[Data supplied — start]

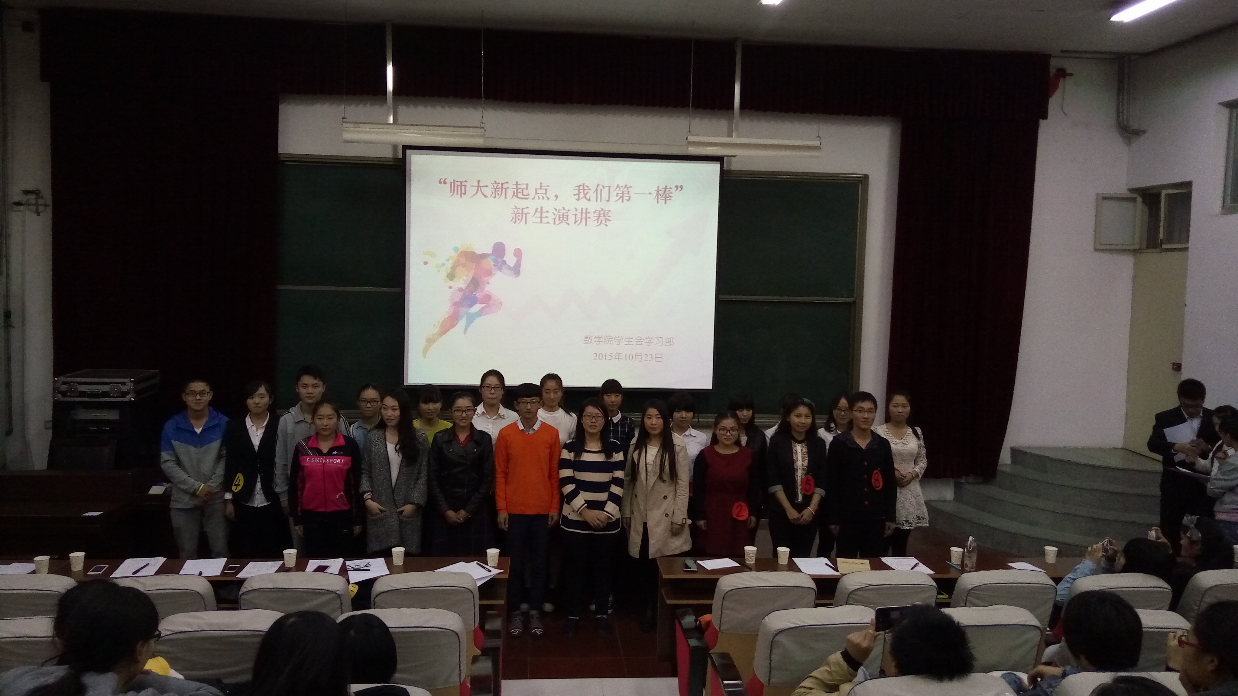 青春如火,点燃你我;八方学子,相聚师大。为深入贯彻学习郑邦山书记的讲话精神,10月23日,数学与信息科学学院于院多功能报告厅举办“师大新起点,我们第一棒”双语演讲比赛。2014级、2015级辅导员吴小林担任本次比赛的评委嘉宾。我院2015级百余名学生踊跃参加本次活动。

[Data supplied — finish]
[Data supplied — start]

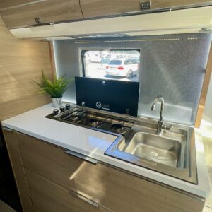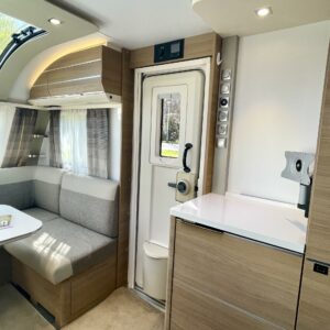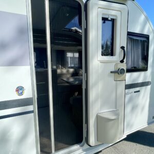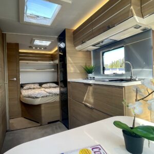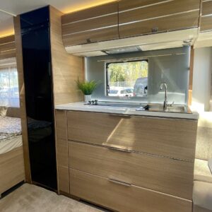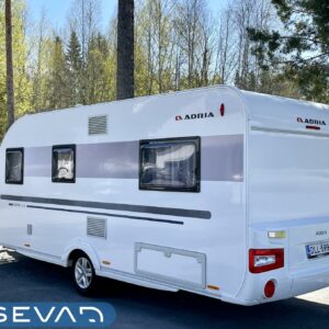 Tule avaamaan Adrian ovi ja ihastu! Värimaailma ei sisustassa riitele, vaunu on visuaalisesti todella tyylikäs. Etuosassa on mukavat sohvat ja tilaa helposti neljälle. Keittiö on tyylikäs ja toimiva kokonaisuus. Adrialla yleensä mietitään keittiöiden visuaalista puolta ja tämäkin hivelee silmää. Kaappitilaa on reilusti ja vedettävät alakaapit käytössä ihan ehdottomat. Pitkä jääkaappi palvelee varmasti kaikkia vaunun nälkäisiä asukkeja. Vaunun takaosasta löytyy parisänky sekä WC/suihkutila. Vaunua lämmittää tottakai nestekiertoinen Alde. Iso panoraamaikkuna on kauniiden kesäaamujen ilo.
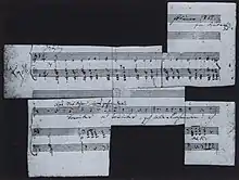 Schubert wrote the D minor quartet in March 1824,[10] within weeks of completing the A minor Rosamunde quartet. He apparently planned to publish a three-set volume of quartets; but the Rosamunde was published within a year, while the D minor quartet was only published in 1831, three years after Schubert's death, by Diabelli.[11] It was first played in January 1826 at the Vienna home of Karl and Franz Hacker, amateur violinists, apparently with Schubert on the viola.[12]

[Data supplied — finish]
[Data supplied — start]

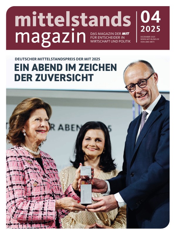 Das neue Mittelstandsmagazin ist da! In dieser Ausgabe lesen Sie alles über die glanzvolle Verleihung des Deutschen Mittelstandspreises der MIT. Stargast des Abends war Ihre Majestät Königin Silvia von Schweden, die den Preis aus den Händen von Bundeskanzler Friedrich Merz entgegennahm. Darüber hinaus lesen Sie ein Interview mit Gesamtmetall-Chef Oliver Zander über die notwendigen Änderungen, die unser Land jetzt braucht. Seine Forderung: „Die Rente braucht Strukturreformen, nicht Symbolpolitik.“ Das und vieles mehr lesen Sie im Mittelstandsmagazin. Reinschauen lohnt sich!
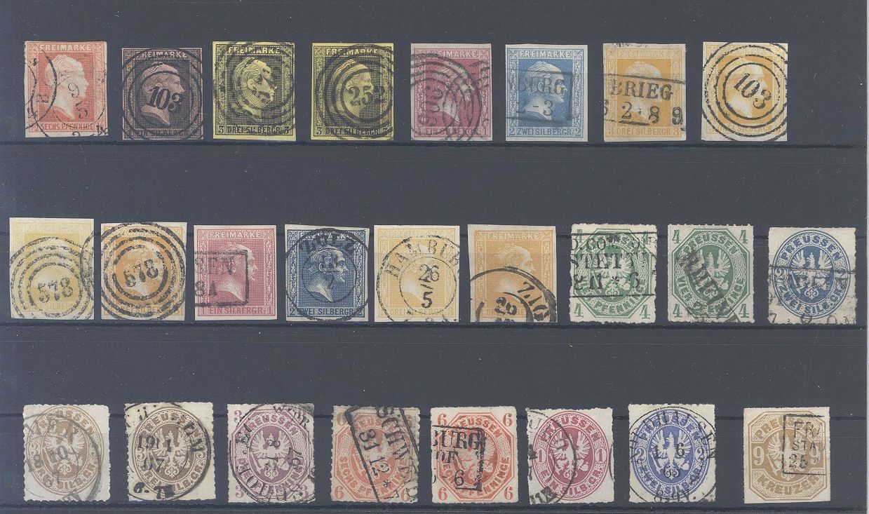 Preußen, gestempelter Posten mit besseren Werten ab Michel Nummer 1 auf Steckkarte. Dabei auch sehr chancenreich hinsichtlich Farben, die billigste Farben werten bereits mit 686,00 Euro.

[Data supplied — finish]

In the entries above, find the line with "Tule avaamaan Adrian" and the line with "Schubert wrote the". Write out exactly those two lines and every line between them, pictures excluded.

> **Reply**:
 Tule avaamaan Adrian ovi ja ihastu! Värimaailma ei sisustassa riitele, vaunu on visuaalisesti todella tyylikäs. Etuosassa on mukavat sohvat ja tilaa helposti neljälle. Keittiö on tyylikäs ja toimiva kokonaisuus. Adrialla yleensä mietitään keittiöiden visuaalista puolta ja tämäkin hivelee silmää. Kaappitilaa on reilusti ja vedettävät alakaapit käytössä ihan ehdottomat. Pitkä jääkaappi palvelee varmasti kaikkia vaunun nälkäisiä asukkeja. Vaunun takaosasta löytyy parisänky sekä WC/suihkutila. Vaunua lämmittää tottakai nestekiertoinen Alde. Iso panoraamaikkuna on kauniiden kesäaamujen ilo.
 Schubert wrote the D minor quartet in March 1824,[10] within weeks of completing the A minor Rosamunde quartet. He apparently planned to publish a three-set volume of quartets; but the Rosamunde was published within a year, while the D minor quartet was only published in 1831, three years after Schubert's death, by Diabelli.[11] It was first played in January 1826 at the Vienna home of Karl and Franz Hacker, amateur violinists, apparently with Schubert on the viola.[12]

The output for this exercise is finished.